Suplus verweert zich en stelt dat het verzoek om haar te veroordelen tot betaling van de gevorderde vergoedingen moet worden afgewezen.
4.2.
Surplus voert daartoe – samengevat – het volgende aan. Omdat de loondoorbetalingsverplichting van Surplus was geëindigd en [verzoekster] niet meer reageerde op berichten van Suplus is het slapend dienstverband administratief afgewikkeld en per brief van 12 februari opgezegd. [verzoekster] heeft niet met ingestemd met beëindiging van het dienstverband met wederzijds goedvinden Surplus heeft vervolgens deze opzegging ongedaan willen maken. Inmiddels is een beschikking afgegeven door het UWV waarin is bepaald dat [verzoekster] gedeeltelijk arbeidsongeschikt is. [verzoekster] heeft tegen die beschikking bezwaar gemaakt. Omdat [verzoekster] niet instemt met de vernietiging van de opzegging kan Surplus zich niet aan de indruk onttrekken dat [verzoekster] hier haar voordeel mee wil doen. Surplus verzoekt om haar de gelegenheid tot herstel van het verzuim te bieden door haar opzegging te vernietigen. De opzegging heeft plaatsgevonden, zodat Surplus de eindafrekening kon opmaken. Surplus verzet zich dan ook tegen betaling van de verzochte vergoedingen.

5.De beoordeling

Opzegging van de overeenkomst
5.1.
De kantonrechter oordeelt als volgt. Een opzegging van een arbeidsovereenkomst is een eenzijdige rechtshandeling. Een werkgever kan een opzegging niet zomaar intrekken. Daarvoor is instemming van de werknemer nodig. Deze instemming kan bestaan uit een uitdrukkelijke verklaring van de werknemer of volgen uit gedragingen en verklaringen van de werknemer.
5.2.
In dit geval is geen sprake van een uitdrukkelijke verklaring van [verzoekster] dat zij instemt met intrekking van de opzegging van de arbeidsovereenkomst. Op 29 februari 2024 heeft [verzoekster] Surplus erop gewezen dat het dienstverband niet zomaar kan worden beëindigd met een enkele mededeling en dat er geen toestemming van het UWV of een kantonrechter is. Ook heeft [verzoekster] niet ingestemd met een beëindiging van het dienstverband. [verzoekster] berust in de opzegging, maar niet in de onrechtmatigheid van het ontslag. Op 12 maart 2024 reageert Surplus dat de opzegging als niet gedaan kan worden beschouwd vanwege de onregelmatigheid.
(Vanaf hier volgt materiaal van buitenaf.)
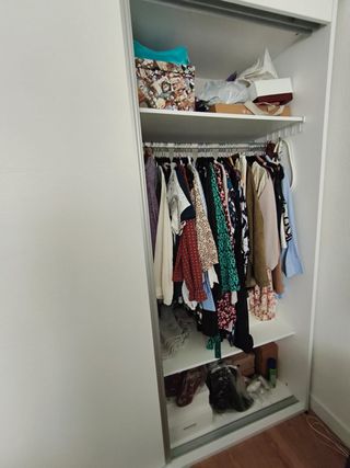 Armario de dos puertas de Rapimueble con solo un año de antigüedad. - Interiores en blanco. Incluye 2 barras, altillo y una cajonera. - Tamaño: 180x200x60 cm Ancho x Alto x Fondo - Diseño moderno y funcional. - Amplio espacio interior para organizar tu ropa y accesorios. El comprador ha de hacerse cargo de su desmontaje y transporte. Se ha de recoger en El Molar (28710), no antes de 28 de Enero 2026. Se vende por mudanza y no disponer de espacio en destino para este armario.
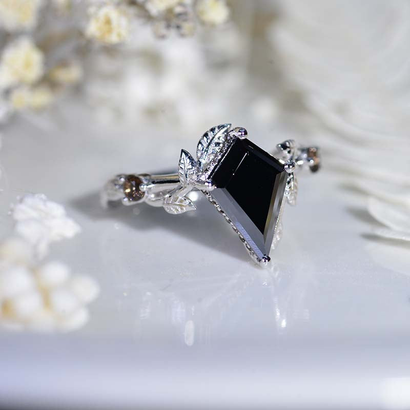 2.5 Carat Kite Black Moissanite Twig Floral Leaf 14K White Gold Engagement Ring

Hierop reageert [verzoekster] dat het niet mogelijk is om de opzegging als niet gedaan te beschouwen. Van een uitdrukkelijke instemming van [verzoekster] om de opzegging in te trekken is dan ook niet gebleken. Ook uit andere gedragingen van [verzoekster] is dit niet gebleken. Er kan dus niet geconcludeerd worden dat [verzoekster] heeft verklaard dat zij instemde met de intrekking van de opzegging. Zoals [verzoekster] terecht heeft betoogd is intrekking van een eenzijdige opzegging niet mogelijk. Voor het verzoek van Surplus om haar gelegenheid te bieden tot herstel van het verzuim over te gaan en de opzegging te vernietigen ontbreekt een grondslag. De kantonrechter beschouwt dit niet als een zelfstandig tegenverzoek en zal daarom in het dictum hierover niets opnemen.
5.3.
Daarnaast kan een werkgever het dienstverband met een arbeidsongeschikte werknemer opzeggen als de ongeschiktheid van de werknemer ten minste twee jaar heeft geduurd. [1] Vaststaat dat die situatie zich hier voordoet. De werkgever moet in een dergelijk geval voor opzegging van het dienstverband schriftelijk toestemming hebben van het UWV. [2] Omdat Surplus in haar e-mail van 12 maart 2024 vermeld dat zij de daarvoor vereiste toestemming zal aanvragen, volgt hieruit dat deze toestemming ontbrak op 12 februari 2024.
5.4.
Aangezien een eenzijdige opzegging niet mogelijk is, kan [verzoekster] in plaats van om vernietiging van de opzegging kiezen voor een vergoeding wegens onregelmatige opzegging en de transitievergoeding te verzoeken. Die keuze kan haar niet ontzegd worden en daar zijn in de door Surplus aangevoerde argumenten ook geen redenen voor.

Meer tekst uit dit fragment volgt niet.